JAKARTA, KOMPAS.com - Komisi VI DPR memperingatkan Menteri BUMN Rini Soemarno untuk tidak gegabah membentuk enam holding BUMN tanpa persetujuan DPR.
Bila holding BUMN tetap dilakukan, Komisi V menjamin akan ada masalah besar yang muncul sebagai konsekuensinya.
"Kita lihat nanti konsekuensinya, (akan) jadi masalah besar, masalah besar. Sesuai undang-undang fungsi kami yakni pengawasan," ujar Wakil Ketua Komisi VI Azam Asman Natawijaya di Gedung DPR Jakarta, Kamis (20/10/2016).
Hingga saat ini kata dia, Komisi VI DPR belum pernah diajak bicara tentang rencana enam holding BUMN oleh Kementerian BUMN. Bahkan kabar soal holding hanya didapatkan Komisi VI dari pemberitaan media.

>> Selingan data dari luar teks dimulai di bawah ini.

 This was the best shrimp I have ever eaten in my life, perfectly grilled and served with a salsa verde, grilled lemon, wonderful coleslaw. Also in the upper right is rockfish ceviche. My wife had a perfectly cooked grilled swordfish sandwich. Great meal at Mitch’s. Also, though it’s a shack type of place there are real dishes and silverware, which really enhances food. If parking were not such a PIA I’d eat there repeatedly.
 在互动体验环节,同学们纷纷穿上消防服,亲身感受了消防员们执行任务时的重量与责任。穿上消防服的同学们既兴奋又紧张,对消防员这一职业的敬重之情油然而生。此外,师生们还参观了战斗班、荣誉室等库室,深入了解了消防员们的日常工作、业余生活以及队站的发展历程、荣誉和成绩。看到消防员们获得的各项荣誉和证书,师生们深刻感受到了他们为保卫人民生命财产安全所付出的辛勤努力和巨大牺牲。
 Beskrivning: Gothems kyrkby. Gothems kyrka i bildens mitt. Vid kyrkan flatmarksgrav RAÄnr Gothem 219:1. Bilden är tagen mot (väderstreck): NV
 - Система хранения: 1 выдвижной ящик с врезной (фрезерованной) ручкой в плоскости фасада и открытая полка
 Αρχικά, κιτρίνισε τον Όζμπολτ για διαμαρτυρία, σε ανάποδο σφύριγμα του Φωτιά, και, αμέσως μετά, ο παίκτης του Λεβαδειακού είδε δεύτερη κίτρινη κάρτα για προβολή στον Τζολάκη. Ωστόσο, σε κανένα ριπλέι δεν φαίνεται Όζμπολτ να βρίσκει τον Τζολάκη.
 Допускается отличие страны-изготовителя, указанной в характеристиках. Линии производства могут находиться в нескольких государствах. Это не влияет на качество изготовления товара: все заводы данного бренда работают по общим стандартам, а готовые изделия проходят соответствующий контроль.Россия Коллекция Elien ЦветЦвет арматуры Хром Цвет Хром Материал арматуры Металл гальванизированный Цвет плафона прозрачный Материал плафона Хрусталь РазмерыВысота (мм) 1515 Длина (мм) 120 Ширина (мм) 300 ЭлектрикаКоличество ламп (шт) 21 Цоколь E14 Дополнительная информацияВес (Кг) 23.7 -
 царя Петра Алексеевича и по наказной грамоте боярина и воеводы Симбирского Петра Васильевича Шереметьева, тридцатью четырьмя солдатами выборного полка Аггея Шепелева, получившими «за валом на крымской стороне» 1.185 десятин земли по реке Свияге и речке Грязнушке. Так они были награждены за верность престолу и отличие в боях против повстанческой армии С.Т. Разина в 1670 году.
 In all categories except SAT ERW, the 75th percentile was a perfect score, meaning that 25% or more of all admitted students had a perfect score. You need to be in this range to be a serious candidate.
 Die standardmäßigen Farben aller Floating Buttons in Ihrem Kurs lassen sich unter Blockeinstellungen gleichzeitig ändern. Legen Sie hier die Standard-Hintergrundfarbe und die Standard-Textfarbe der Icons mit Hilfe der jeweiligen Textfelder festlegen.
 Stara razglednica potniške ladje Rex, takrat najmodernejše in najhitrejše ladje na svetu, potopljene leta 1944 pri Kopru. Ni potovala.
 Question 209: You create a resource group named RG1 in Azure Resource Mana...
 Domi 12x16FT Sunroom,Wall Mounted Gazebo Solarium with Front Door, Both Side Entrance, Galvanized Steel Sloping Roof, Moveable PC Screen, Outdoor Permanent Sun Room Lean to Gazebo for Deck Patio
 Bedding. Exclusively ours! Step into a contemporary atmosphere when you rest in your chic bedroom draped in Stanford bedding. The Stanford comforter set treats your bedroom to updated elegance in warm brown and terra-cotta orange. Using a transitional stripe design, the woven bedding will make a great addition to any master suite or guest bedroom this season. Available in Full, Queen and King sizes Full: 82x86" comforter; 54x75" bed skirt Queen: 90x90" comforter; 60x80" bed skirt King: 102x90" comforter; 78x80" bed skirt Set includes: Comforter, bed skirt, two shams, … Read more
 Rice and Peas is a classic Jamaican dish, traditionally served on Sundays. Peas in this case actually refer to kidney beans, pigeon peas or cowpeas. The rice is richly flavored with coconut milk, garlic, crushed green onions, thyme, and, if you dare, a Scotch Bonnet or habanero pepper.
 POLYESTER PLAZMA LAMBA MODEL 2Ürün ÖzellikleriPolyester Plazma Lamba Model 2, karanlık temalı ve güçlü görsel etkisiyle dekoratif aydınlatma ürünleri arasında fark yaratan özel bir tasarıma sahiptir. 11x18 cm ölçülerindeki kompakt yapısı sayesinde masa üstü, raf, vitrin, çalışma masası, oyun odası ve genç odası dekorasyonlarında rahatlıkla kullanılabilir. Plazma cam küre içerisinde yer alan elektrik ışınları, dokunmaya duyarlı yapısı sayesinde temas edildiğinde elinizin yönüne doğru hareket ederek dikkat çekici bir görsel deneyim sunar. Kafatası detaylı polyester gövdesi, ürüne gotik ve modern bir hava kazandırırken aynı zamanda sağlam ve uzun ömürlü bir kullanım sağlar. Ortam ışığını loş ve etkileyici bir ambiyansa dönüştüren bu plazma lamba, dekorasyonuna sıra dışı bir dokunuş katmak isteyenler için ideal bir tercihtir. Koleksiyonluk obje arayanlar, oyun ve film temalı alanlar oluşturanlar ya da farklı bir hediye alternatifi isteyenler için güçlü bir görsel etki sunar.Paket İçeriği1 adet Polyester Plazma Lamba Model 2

Seharusnya tutur Azam, rencana holding BUMN harus dibicarakan dengan Komisi VI yang membidangi BUMN. Apalagi, holding bisa mengubah komposisi saham di dalam perusahaan-perusahaan BUMN.
Oleh karena itu, Azam mengingatkan pentingnya pengawasan terkait rencana enam holding BUMN.
"Kalau satu saat holding itu jadi masalah, siapa yang mau tanggung jawab?," kata dia.
Meski begitu Azam mengakui ada kendala berkomunikasi dengan Rini Soemarno. Sebab sejak akhir 2015, pimpinan DPR mengeluarkan surat larangan untuk Rini datang ke DPR.
Surat itu merupakan tindak lanjut dari rekomendasi Pansus kasus Pelindo II yang meminta Presiden Joko Widodo mencopot Rini Soemarno lantaran terbukti melanggar konstitusi dan perundang-undangan.
Salah satu kasusnya yakni perpanjangan pengelolaan PT JICT oleh Pelindo II kepada perusahaan asing asal Hongkong yakni Hutchinson Port Holdings (HPH) hingga 2039 mendatang.
Sejak saat itu, Rini tidak pernah datang ke DPR. Tugasnya digantikan oleh Menteri Keuangan yang ditunjuknya oleh Presiden Joko Widodo.
Sebelumnya, Rini Soemarno mengungkapkan tengah mengebut "holdingisasi" BUMN untuk enam sektor, yakni sektor migas, tambang, keuangan, jalan tol, perumahan serta konstruksi.
Rini meyakini holding BUMN yang ia rencanakan akan membuat perusahaan-perusahaan BUMN bisa berlari lebih cepat dalam mengembangkan bisnisnya.